• WORKING DATA:
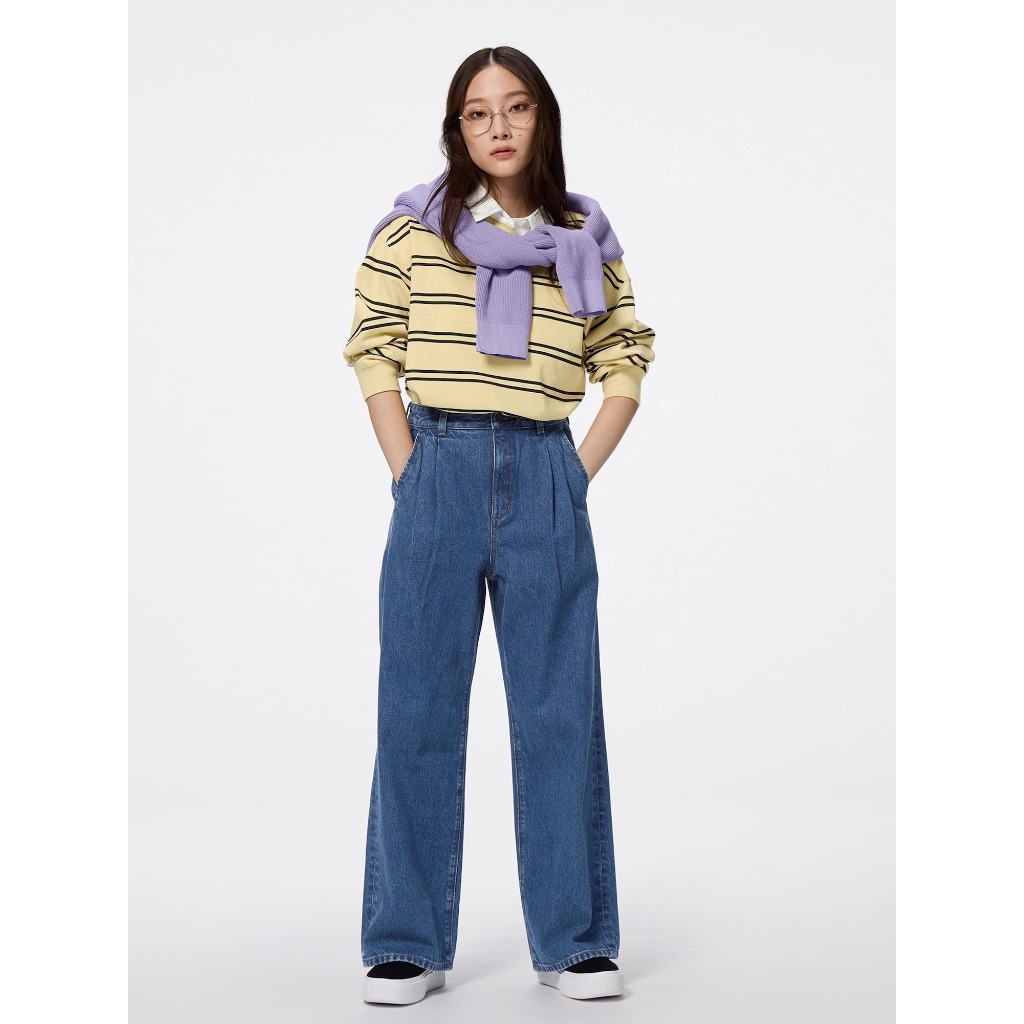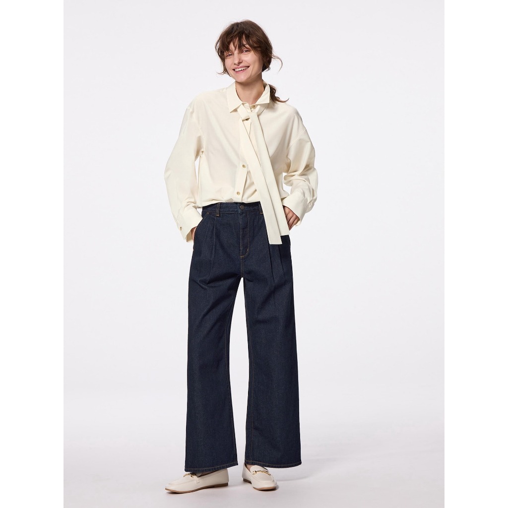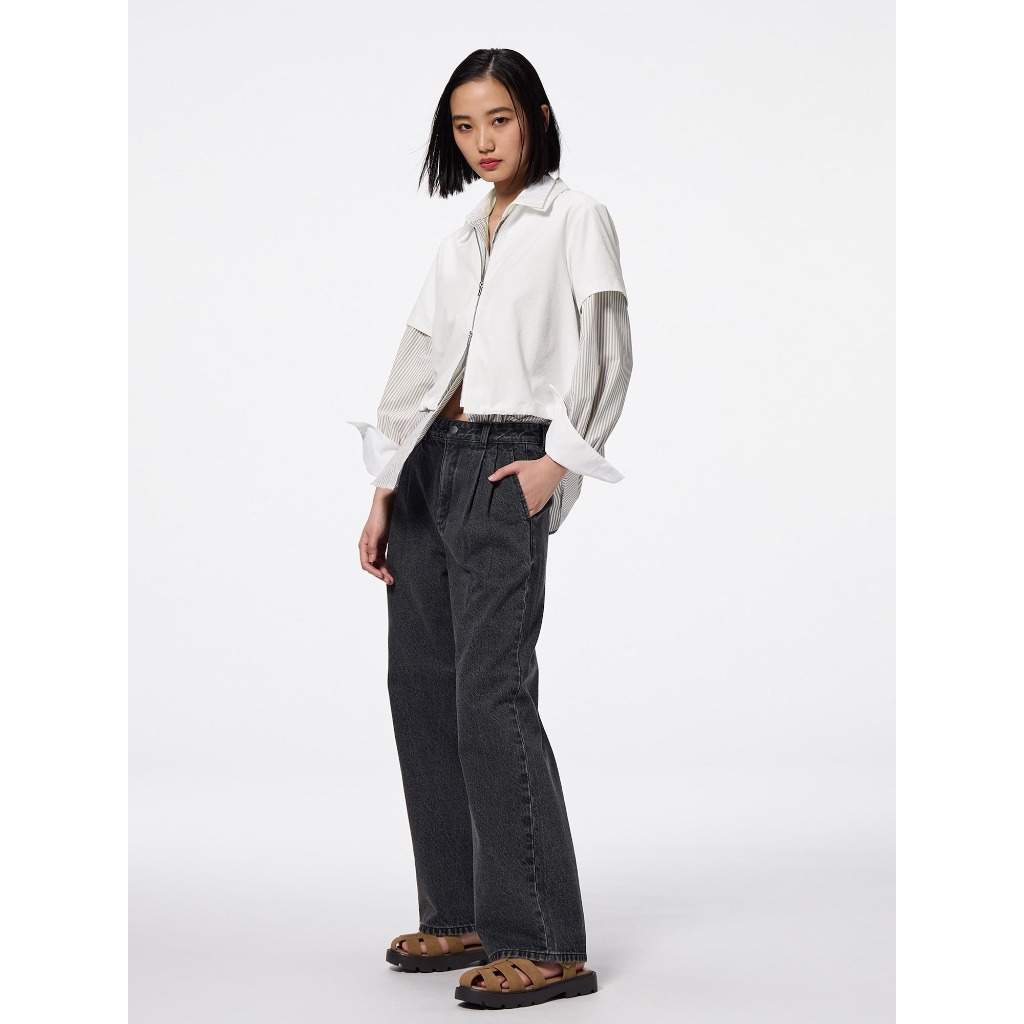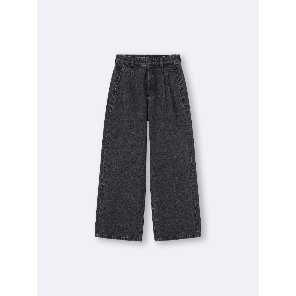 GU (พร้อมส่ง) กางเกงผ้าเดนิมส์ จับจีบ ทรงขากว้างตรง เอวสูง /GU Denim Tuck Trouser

--

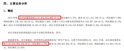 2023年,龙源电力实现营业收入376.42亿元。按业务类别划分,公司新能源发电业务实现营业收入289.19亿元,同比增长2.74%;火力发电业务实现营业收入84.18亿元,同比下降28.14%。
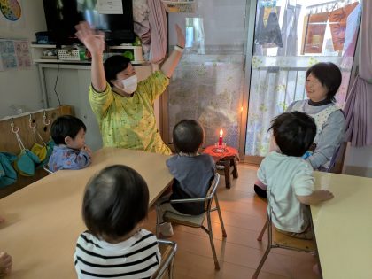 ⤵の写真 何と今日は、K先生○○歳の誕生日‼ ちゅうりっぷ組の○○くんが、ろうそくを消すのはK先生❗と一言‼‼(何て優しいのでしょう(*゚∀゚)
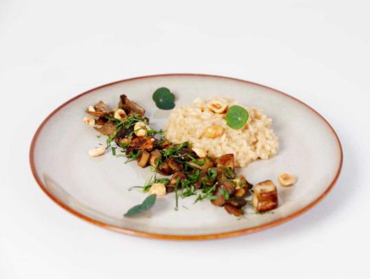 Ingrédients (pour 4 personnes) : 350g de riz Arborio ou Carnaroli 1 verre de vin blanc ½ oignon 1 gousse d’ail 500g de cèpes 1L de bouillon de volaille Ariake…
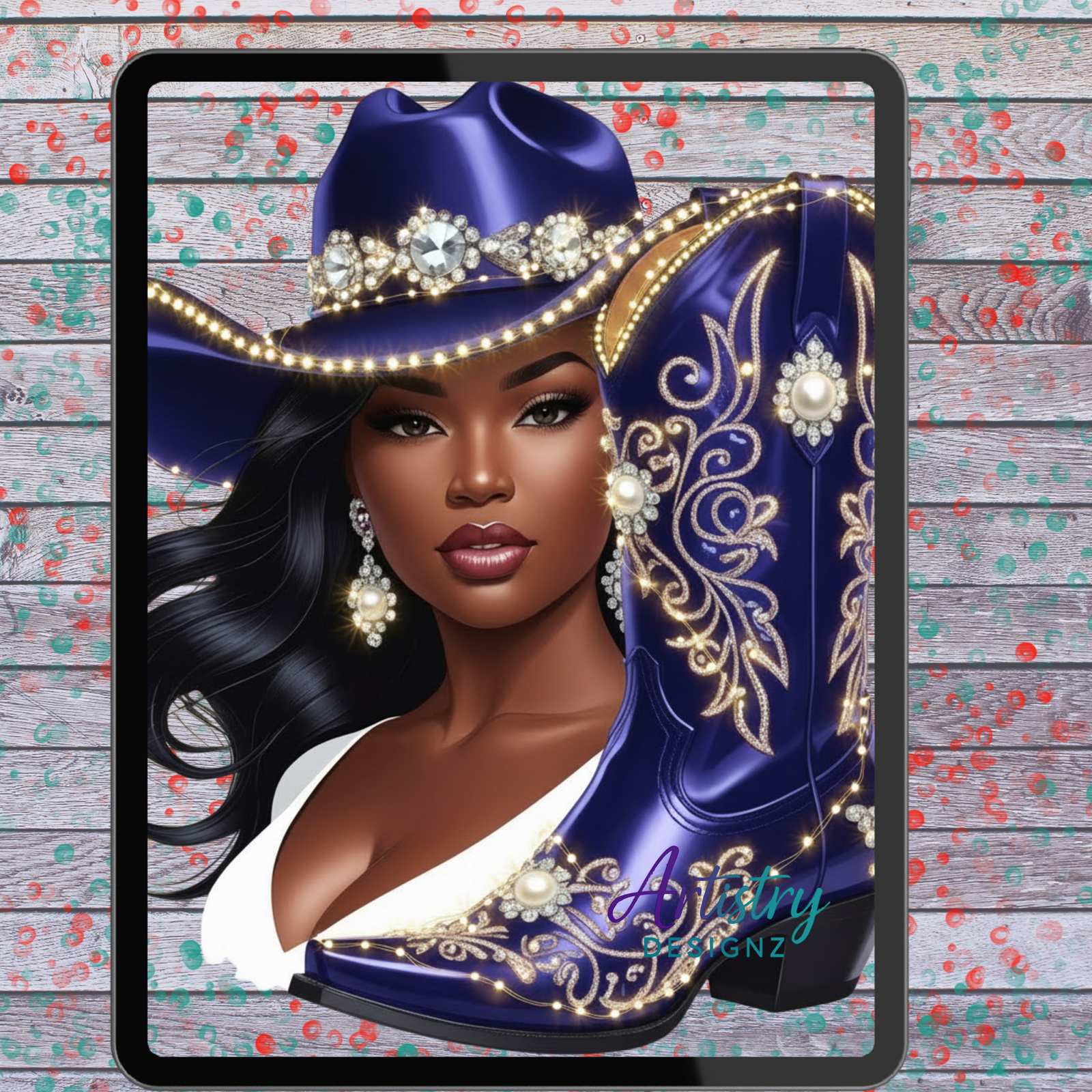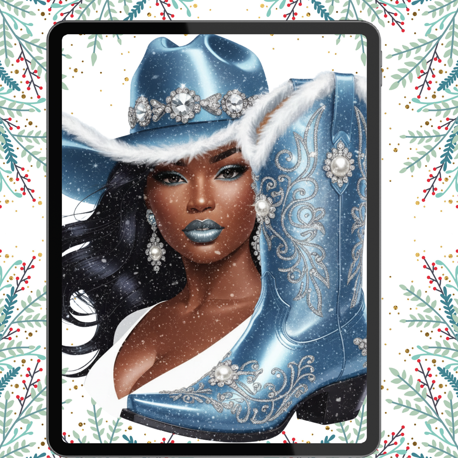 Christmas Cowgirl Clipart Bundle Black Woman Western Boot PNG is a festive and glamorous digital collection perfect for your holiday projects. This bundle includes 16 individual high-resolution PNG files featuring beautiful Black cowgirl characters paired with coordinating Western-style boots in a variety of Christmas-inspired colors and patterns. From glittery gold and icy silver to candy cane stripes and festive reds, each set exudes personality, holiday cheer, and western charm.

==

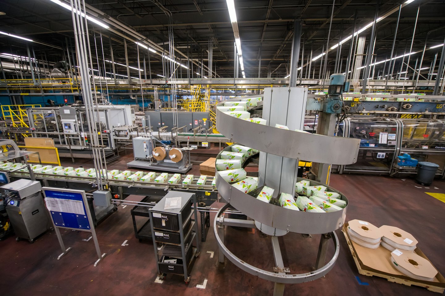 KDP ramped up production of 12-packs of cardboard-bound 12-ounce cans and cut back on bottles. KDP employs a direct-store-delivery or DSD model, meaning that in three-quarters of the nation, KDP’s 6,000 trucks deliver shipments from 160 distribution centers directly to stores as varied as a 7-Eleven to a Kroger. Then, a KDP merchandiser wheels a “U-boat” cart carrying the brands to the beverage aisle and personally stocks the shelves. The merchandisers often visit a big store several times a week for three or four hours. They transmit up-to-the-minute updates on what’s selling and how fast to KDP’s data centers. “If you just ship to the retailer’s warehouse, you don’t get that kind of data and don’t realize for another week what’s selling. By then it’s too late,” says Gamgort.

• ABOUT THIS TASK:
Transcribe exactly the lines above, beginning at the one with "Ingrédients (pour 4" and going up to and including the one with "Christmas Cowgirl Clipart". Pictures do not belong in the copy.

• EXERCISE OUTPUT:
 Ingrédients (pour 4 personnes) : 350g de riz Arborio ou Carnaroli 1 verre de vin blanc ½ oignon 1 gousse d’ail 500g de cèpes 1L de bouillon de volaille Ariake…
 Christmas Cowgirl Clipart Bundle Black Woman Western Boot PNG is a festive and glamorous digital collection perfect for your holiday projects. This bundle includes 16 individual high-resolution PNG files featuring beautiful Black cowgirl characters paired with coordinating Western-style boots in a variety of Christmas-inspired colors and patterns. From glittery gold and icy silver to candy cane stripes and festive reds, each set exudes personality, holiday cheer, and western charm.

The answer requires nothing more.